My own list would be the following: Plato’s Republic for an introduction to questions of justice;
Aristotle’s Physics for an account of nature that is not vacuous; Dostoevsky’s The Brothers
Karamazov for a poetic portrait of man; and Shakespeare’s King Lear for all of the above. The
students would be tested for mastery of these works just as they are tested for mastery of the
sciences. This would ensure that everyone had at least a minimum grasp of the larger tradition
that gave rise to natural science and a context for understanding its existence and meaning.

Think how our understanding of the aging patient would be enlarged with the image of Lear
made part of our psyches, or how our approach to the dilemmas of allocating medical
resources would be enriched by wrestling with the political questions raised in the Republic.
And while it may seem odd to believe that our scientific education is disserved by ignoring
Aristotle’s Physics, the limitations of modern science’s purposeless and partial account of
nature would become more clear by reacquainting ourselves with his purposeful account of the
whole.
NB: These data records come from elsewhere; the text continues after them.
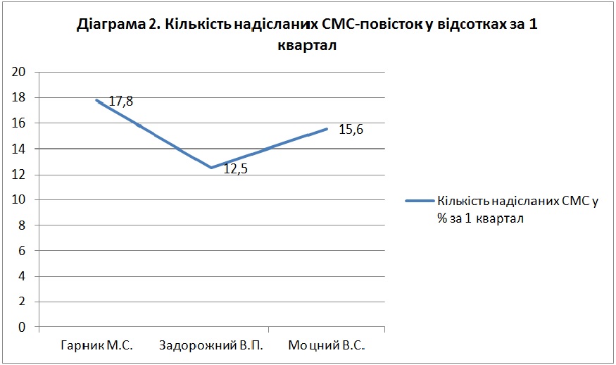 Таким чином, дану послугу найактивніше використовує склад суду судді Гарник М.С., а найменш активно – склад суду судді Задорожного В.П. При цьому, вважаю за необхідне, звернути увагу всіх відповідальних працівників апарату суду на більш широке застосування викликів до суду за допомогою СМС-повісток, з метою більш оперативного розгляду судових справ та економії бюджетних коштів.
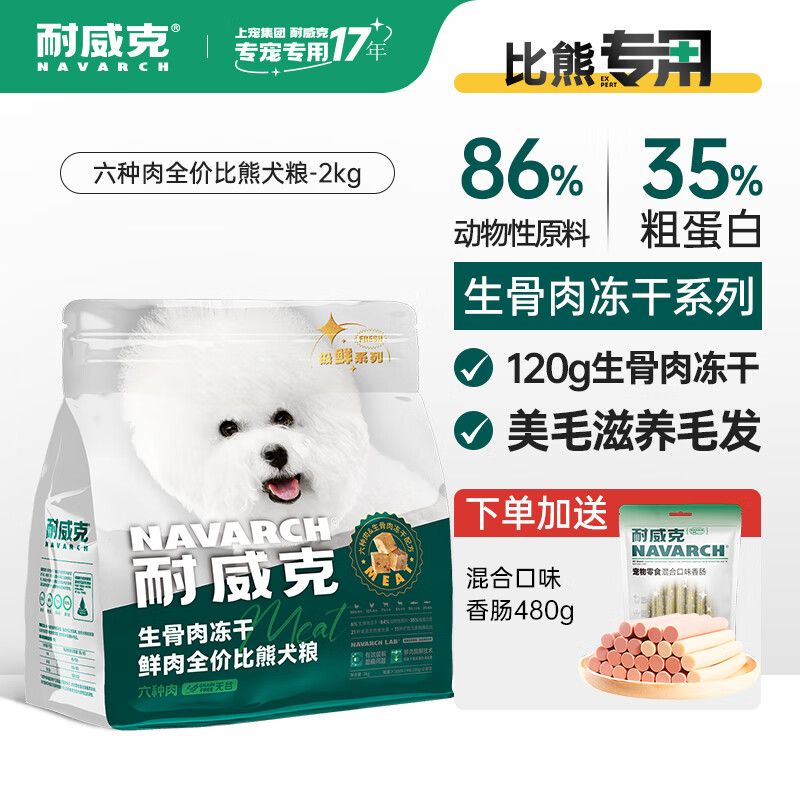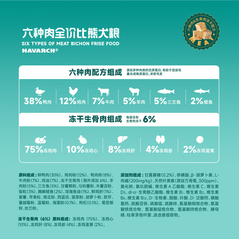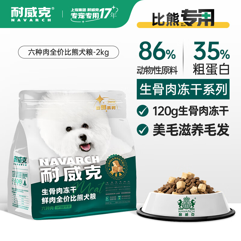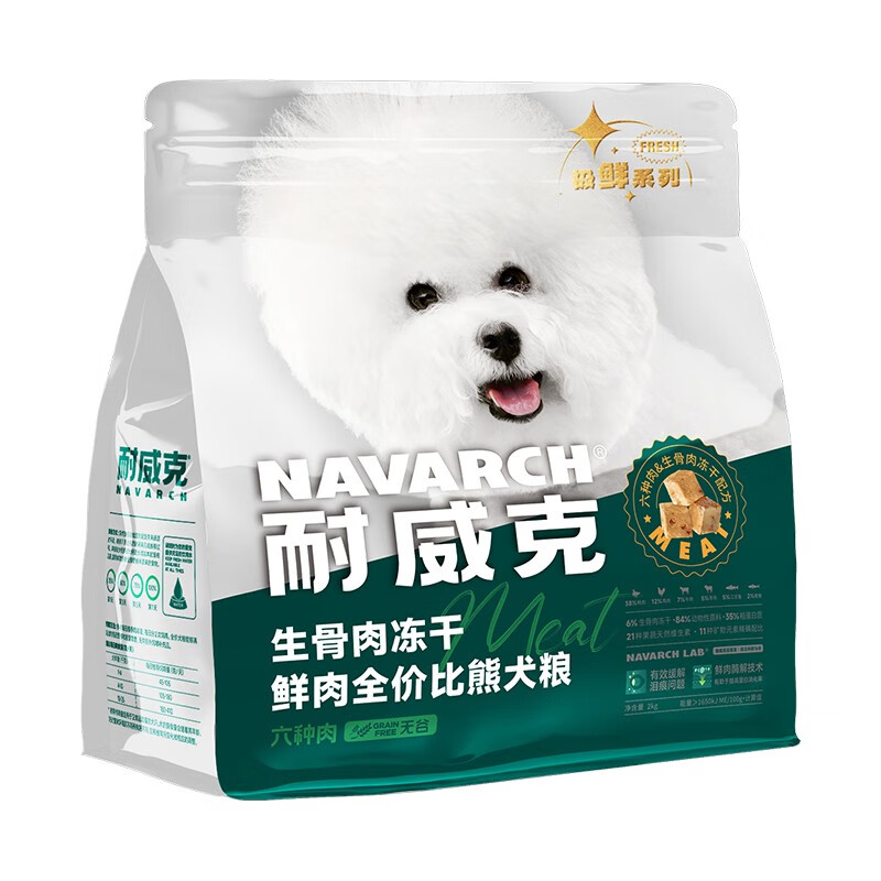 耐威克六种肉狗粮 全期无谷生骨肉冻干粮美毛小型犬中大型犬成犬狗粮 比熊专用4斤丨85%含肉量
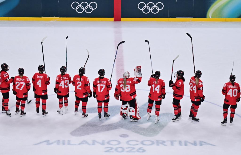 当地时间2月16日,在意大利米兰举行的米兰-科尔蒂纳冬奥会冰球项目女子半决赛中,加拿大队2比1战胜瑞士队。
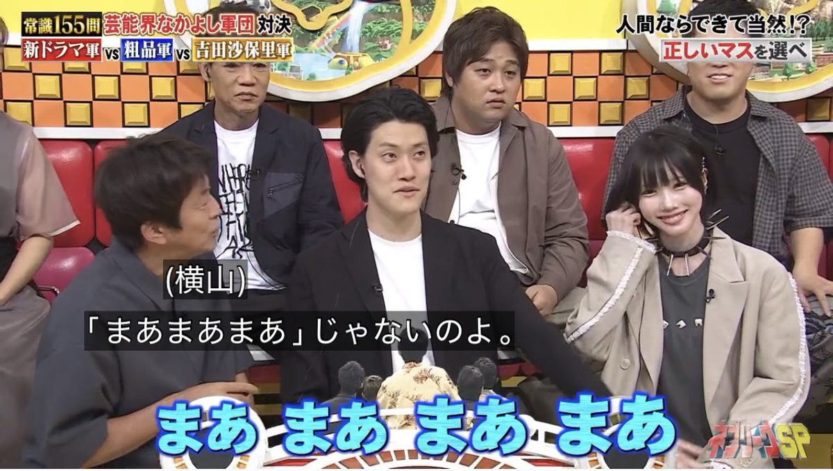 #ネプリーグ 伊藤アナ「あのちゃん、どういう活動が 中心なんですか? 粗品軍団では」 あの「イチャイチャしたり…」 横山「イチャイチャ」!?「言葉選んだ方がええよ」 粗品「まあ まあ まあ まあ」 横山「まあ まあ まあ じゃないのよ」wwwwwwwwwwwwwwwwwwwwww pic.x.com/G9xBsnPW5F
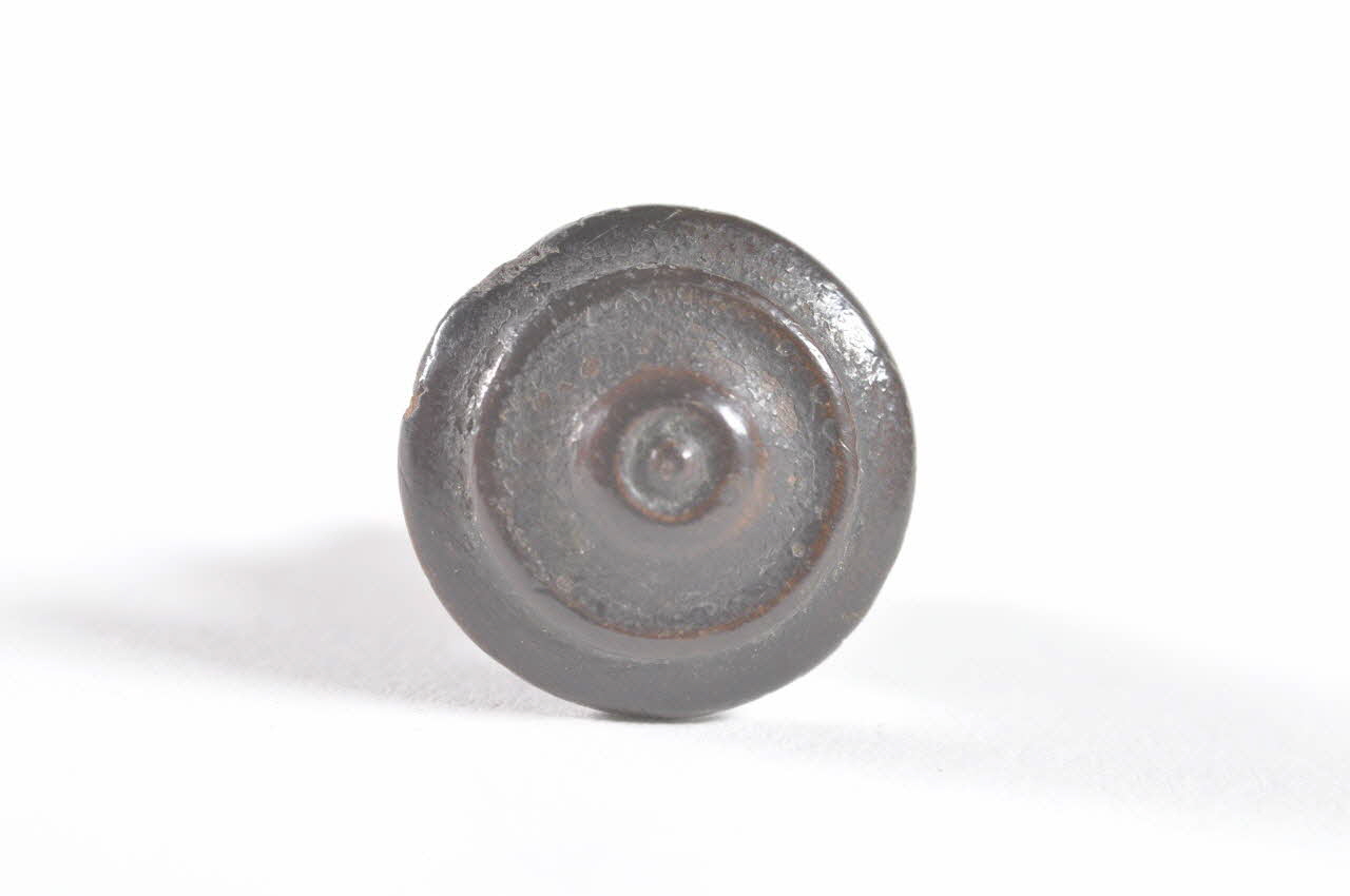 Poignée du tiroir en bois tourné, à bouton circulaire vernis, présentant des décors de cercles concentriques. / Trébuchet (balance de précision d'orfèvre?) : tiroirMatériaux et techniques

At its best, this humanistic education would help doctors at the bedside, by forcing them
to grapple with the kinds of existential questions that their patients cannot avoid.

The early physicians could only respond to the cries of their patients as fellow human beings,
sharing their previous experiences of the suffering of others, helping to usher the newly afflicted
through their own struggle. In the process, if they listened and observed carefully, physicians
gained access to the glories and failures of their patients’ lives. This profession brought forth
stories rich as any literature, perhaps at times even reminiscent of a Trojan battlefield, at least
insofar as it stirs the opportunity for excellence with the call to human action. Today, doctors
are both more powerful and more deaf. They are far less helpless in the face of suffering, yet
they often cannot hear the cries that evoke no possibility of remedy. A more humanistic
education might heal the physician’s deafness. It will not make treating the untreatable any
easier, but it may at least leave the doctor less naked on the wards.